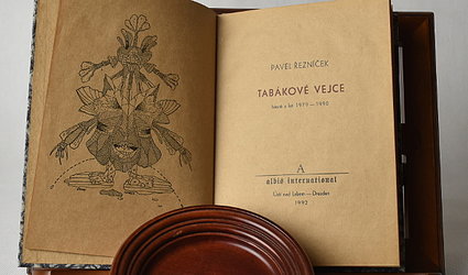Ústí nad Laben - Dresden, Kristina Kaiserová, 1991. Albis international. OBr., katon, 42 (3) s. Ilustrace Karol Baron. Celkem 199 výtisků, z toho číslo 1 - 5 na Zerkallském papíře, 6 - 10 na papíře z Velkých Losin, čísla 11 - 76 na papíře Ingres a čísla 77 - 199 na balícím papíře tabákové barvy. Tento výtisk na papíře tabákovém. Na patitulu podpis Pavla Řezníčka a Karola Barona červeným perem.
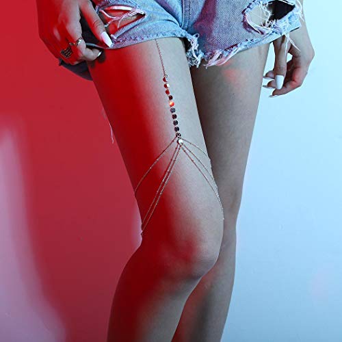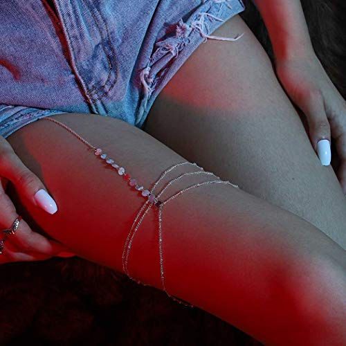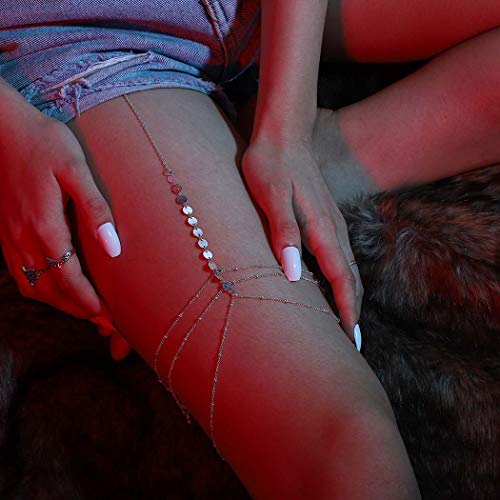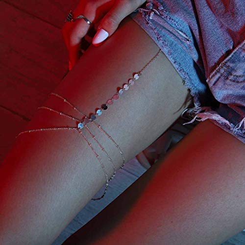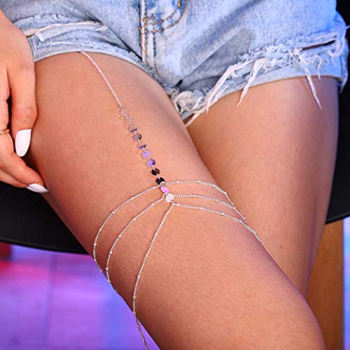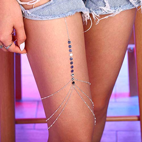 Chicque - سلسلة جسم مثيرة من شيك كيو، مجوهرات الفخذ من الخرز، مجوهرات من الترتر الفضي، سلسلة الساق من طبقات، مجوهرات الجسم لارتداء البيكيني والحفلات للنساء والبنات
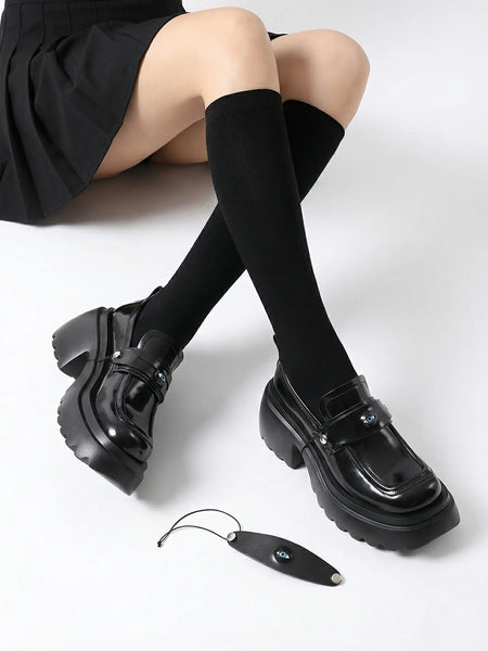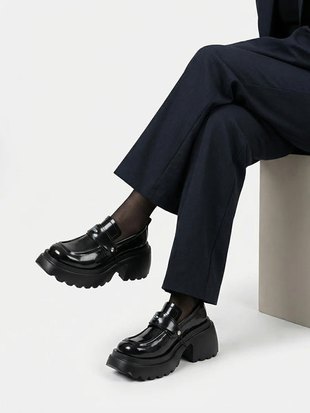 PINJIAHUI | Metal Detail Leather Platform Loafers
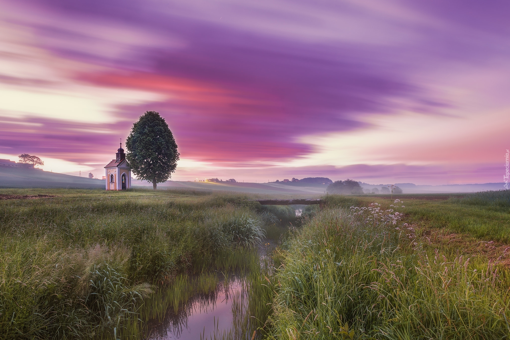 Edytor tapety: Kapliczka i drzewo obok rzeczki na łące
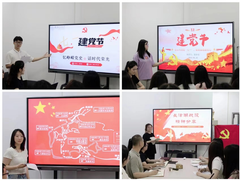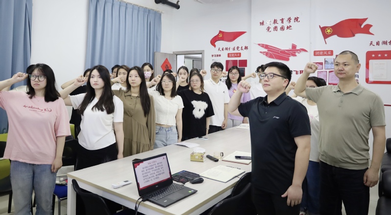 为庆祝中国共产党成立103周年,弘扬伟大建党精神,深入贯彻党的教育方针,为党育人,为国育才,将远大理想、过硬本领、责任担当,坚实地写在祖国大地上。6月26日,学院天目湖校区党支部开展以“红心向党迎‘七一’,砥砺奋进践初心”为主题的“七一”庆祝建党103周年主题党日活动。活动分为:红色故事分享、党史知识竞答、专题党课、重温入党誓词四个部分。

== == ==

• [Problem]: Please copy the data shown above word for word, omitting the pictures.

• [Answer space]:
Ústí nad Laben - Dresden, Kristina Kaiserová, 1991. Albis international. OBr., katon, 42 (3) s. Ilustrace Karol Baron. Celkem 199 výtisků, z toho číslo 1 - 5 na Zerkallském papíře, 6 - 10 na papíře z Velkých Losin, čísla 11 - 76 na papíře Ingres a čísla 77 - 199 na balícím papíře tabákové barvy. Tento výtisk na papíře tabákovém. Na patitulu podpis Pavla Řezníčka a Karola Barona červeným perem.
 Chicque - سلسلة جسم مثيرة من شيك كيو، مجوهرات الفخذ من الخرز، مجوهرات من الترتر الفضي، سلسلة الساق من طبقات، مجوهرات الجسم لارتداء البيكيني والحفلات للنساء والبنات
 PINJIAHUI | Metal Detail Leather Platform Loafers
 Edytor tapety: Kapliczka i drzewo obok rzeczki na łące
 为庆祝中国共产党成立103周年,弘扬伟大建党精神,深入贯彻党的教育方针,为党育人,为国育才,将远大理想、过硬本领、责任担当,坚实地写在祖国大地上。6月26日,学院天目湖校区党支部开展以“红心向党迎‘七一’,砥砺奋进践初心”为主题的“七一”庆祝建党103周年主题党日活动。活动分为:红色故事分享、党史知识竞答、专题党课、重温入党誓词四个部分。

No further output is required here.